El origen de esta mala racha no lo sabía. Un brujo de los que viven en Suchitlán sugirió una limpia de cuerpo presente y completo. Un huevo fue la mejor arma contra el mal de ojo, el mal de sambito y el mal de no sé qué… Tantos males y yo no sabía ni siquiera que existieran como en ramillete.
Mi madre de pronto también le hace a la brujería. Si brujería se le puede llamar a lo que realmente hace. Ella limpia a las personas con un chile pasilla que pasa por el cuerpo de la persona (salada en cuestión), y luego le prende fuego en la estufa. No sé realmente si esta técnica poco ortodoxa de terminar con la vida de un vegetal (chamuscado en la estufa); sea la manera más ad hoc para la bienaventuranza… pero de que el humo que expele el chile te hace toser, te hace toser.

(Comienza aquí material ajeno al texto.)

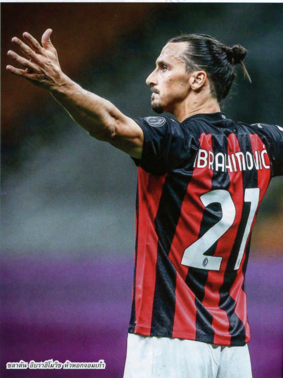
ซลาตัน อิบราฮิโมวิช หัวหอกจอมเก๋า

Otra forma de hacer limpias para bienaventuranza o para recuperar la dicha, la fortuna, el amor la bonanza, la salud, la alegría o qué sé yo, es con unas ramas que algunos chamanes o brujos o hechiceros utilizan para sus limpias. Algunas de estas yerbas pueden ser la albahaca, que tiene un olor gratificante pero que en exceso te causa estornudos. Otros utilizan inciensos. Humos de no sé qué. Polvos de no sé cuánto. Menjurjes diversos que dicen, ayudan a recuperar la buena suerte perdida. Ahora sí como dijera el poeta chiapaneco. Yo no lo sé de cierto… lo supongo.
Pero viene la pregunta interesante ¿cómo nos damos cuenta que tenemos mala suerte?, en un caso excepcional de viveza y agilidad mental, uno se da cuenta de que tiene mala suerte cuando de pronto, así, sin más ni más, uno se siente de la patada, incluso cuando vemos nuestra imagen reflejada en el espejo y, aunque le echemos ganas a vernos bien, nada, salimos mal, deplorables, en un estado que ni caso tiene mencionar de tan dramático.
Es patético pero suele pasar. Entonces uno tiene que recurrir a todos estos brujos para que de inmediato hagan una limpia urgente. Las personas que creen en esto después de visitar a sus brujos salen con la cara regocijante y eso sí, con varios de cientos de pesos menos, pero con la firme idea de que en adelante les irá mejor.
Ahora que también existe los que están en medio. Que creen pero que no creen. A este grupo también se le llama o conoce como DE LOS CURIOSOS, que sólo van para ver qué onda, pero jamás están al cien por ciento convencidos de que les va a servir de algo, o no les va a servir de nada. Este grupo es el más peligroso, si peligro es la palabra ad hoc para definirlos.
Yo estoy precisamente en ese grupo. Que tenga mala suerte es cierto, pero de ahí a que alguien me pase un huevo, una yerba o me escupa en la cara para que se me quite, eso ya es otra cosa. O gastar dinero en ello, es una de las inversiones que no le veo mucho caso para la cura (si cura es la palabra precisa para designar) a la mala suerte.
Mala suerte por ejemplo es que se te pegue un chicle en el zapato o en el pantalón. O que caminando pises mierda de perro y no te des cuenta hasta que el olor lo delata. Y eso hasta la fecha no me ha pasado. Pero tengo mala suerte. ¿En qué?, nunca me gano nada en las rifas. Que me quiero sacar una casa, nada. Que me quiero sacar un carro, resulta que se lo gana el más pendejo o pendeja de la oficina. Pero bueno, bienaventurados los pendejos que de ellos será el reino del señor. Por eso Dios (si existe) no le dio alas a los alacranes.
Hay algunos que lo llaman así, pendejez, otros que le ponen mala suerte. Cuando mejoró mi suerte, fue cuando decidí por primera vez… después de muchos años… levantarme con el pie derecho… tan fácil que hubiera sido esto desde un principio, carajo.